Id. at 850 (emphasis added) (footnote omitted containing language of § 3.04).
In Wedlow v. State, 807 S.W.2d 847 (Tex.App.—Dallas 1991, pet. ref'd)1, a case almost identical to the case before this court, the appellate court held that although the severance provisions of § 3.04(a) were not triggered “because the indictments [there] were not ‘consolidated or joined for trial under Section 3.02 of this code,’ ” the appellant was nevertheless entitled to a severance, and a denial of such a request was reversible error not subject to the harmless analysis of TEX.R.APP.P. 81(b)(2). Wedlow, 807 S.W.2d at 851.
The court stated:
There is no concrete data from which we can meaningfully gauge or quantify the effect of the error. We have no way of determining whether the error was harmless. The impact of two indictments, two complainants and two verdicts upon the jury is unquantifiable. To many jurors, two complainants are more believable than one. The jury may have believed that if appellant committed one of the offenses, he must have committed the other. We conclude that the trial court’s failure to grant appellant’s timely motion for severance constitutes error of a type which is not subject to a harm analysis.
Id. at 852.
Further, in the alternative, the Wedlow court dismissed the same argument the State makes before this court, concluding that:
[E]ven if the State is correct and the evidence of each offense would be admitted at the trial of the other offense, nonetheless, the error tainted the ‘integrity of the process’ by forcing appellant
to defend himself against two charges at the same time before the same jury.
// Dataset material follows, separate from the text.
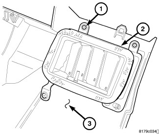 1. Position the air outlet (2) onto the steering column opening cover or IP base panel (3) and install the four screws (1). Tighten the screws to 2 Nm (17 in. lbs.).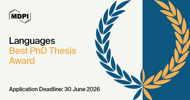 为鼓励即将毕业或即将参加毕业答辩的博士生,Languages期刊特设立2025年最佳博士论文奖(Best PhD Thesis Award)。该奖项将颁发给一位博士生或新晋博士,以表彰其在语言学领域的成就。我们希望这一荣誉能激励获奖者持续深入开展学术研究,发表高质量的研究成果,进一步推动其所在领域的知识进步与学术发展。

We have attempted to examine the record to uncover the damaging impact of the error and we cannot conclude beyond a reasonable doubt that the error in this case made no contribution to appellant’s conviction.
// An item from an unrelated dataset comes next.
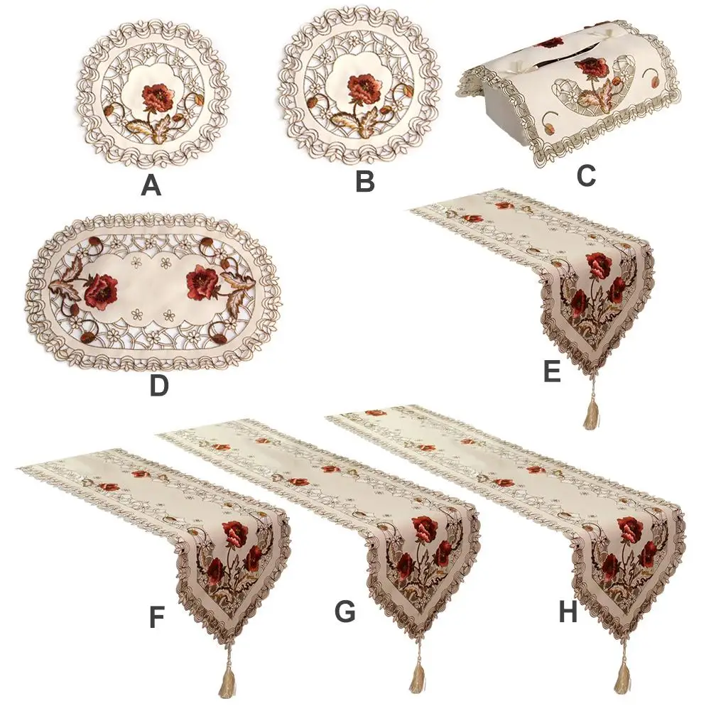 Особенности:1. Стиль: европейский и американский классический стиль, пасторальная вышивка элегантная и достойная.2. Приемная полиэфирная ткань удобна и легко моется и сохнет3. Он может украсить и защитить мебель и обеденный стол, чтобы продлить срок их службы.4. Он может придать благородство и элегантность столу.5. В связи с использованием разных выполнялись мануально, замеры сделаны вручную, поэтому возможны отклонения на 1-3 см/0,39-1,18 дюймов ошибки.Параметры:1. Размер: (прибл.)1) Диаметр: 20 см/7,87 дюйма, 30 см/11,81 дюйма2) крышка коробки для салфеток: 30*45 см/11,81*17,72 дюймов3) эллипс: 40*150 см/15,75*59,06 дюйма, 40*175 см/15,75*68,90 дюйма, 40*200 см/15,75*78,74 дюйма, 40*250 см/15,75*98,43 дюймов2. Материал: полиэфирное волокно3. Применение: для столовых приборов, столов, дома, гостиных, ресторанов и т. д.Упаковочный лист:

Here, we have the application of § 3.04(a) which provides that “[w]henever two or more offenses have been consolidated or joined for trial under Section 3.02 of this code, the defendant shall have a right to a severance of the offenses.” TEX.PENAL CODE ANN. § 3.04(a) (Vernon 1974) (emphasis added). Clearly, § 3.04(a) is a “mandatory” statute, created as “a command by the law-making body which we must enforce,” which unambiguously grants the appellant a distinct basic and fundamental “right.” Waythe, 533 S.W.2d at 804; TEX.PENAL CODE ANN. § 3.04(a) (Vernon 1974). We find no difference between the nature of the unambiguous basic and fundamental “right,” mandated by the legislature to the accused under § 3.04(a) and, the unambiguous basic and fundamental “right,” mandated by the legislature to the accused under art. 28.-10(a), which is clearly immune from the harmless error rule. Beebe, at 605; Sodi-po, at 554; TEX.R.APP.P. 81(b)(2). As in Sodipo and Beebe, the violated mandatory right of appellant here “cannot be subjected to a harm analysis in any meaningful manner, because the record will not reveal any concrete data from which an appellate court can meaningfully gauge or quantify the effect of the error” and, “it is extremely difficult to know whether [the violation] might have affected the outcome, or the likelihood that [the violation has] influenced the outcome is so strong that it is not [510]*510worth expending the judicial resources necessary to evaluate the effect of the error in [this case].” Sodipo, at 554-555.
Further, to hold that violated “mandatory” rights such as these are subject to a harmless analysis before requiring reversal, “would encourage the State to repeat [the violation] with impunity,” by improperly joining a weak case to a strong case, hoping that the strength of one will support the weakness of the other. Harris v. State, 790 S.W.2d 568, 587 (Tex.Crim.App. 1989). We hold that the error here is reversible without the harmless analysis of TEX.R.APP.P. 81(b)(2).
The judgment is reversed, and the cause is remanded.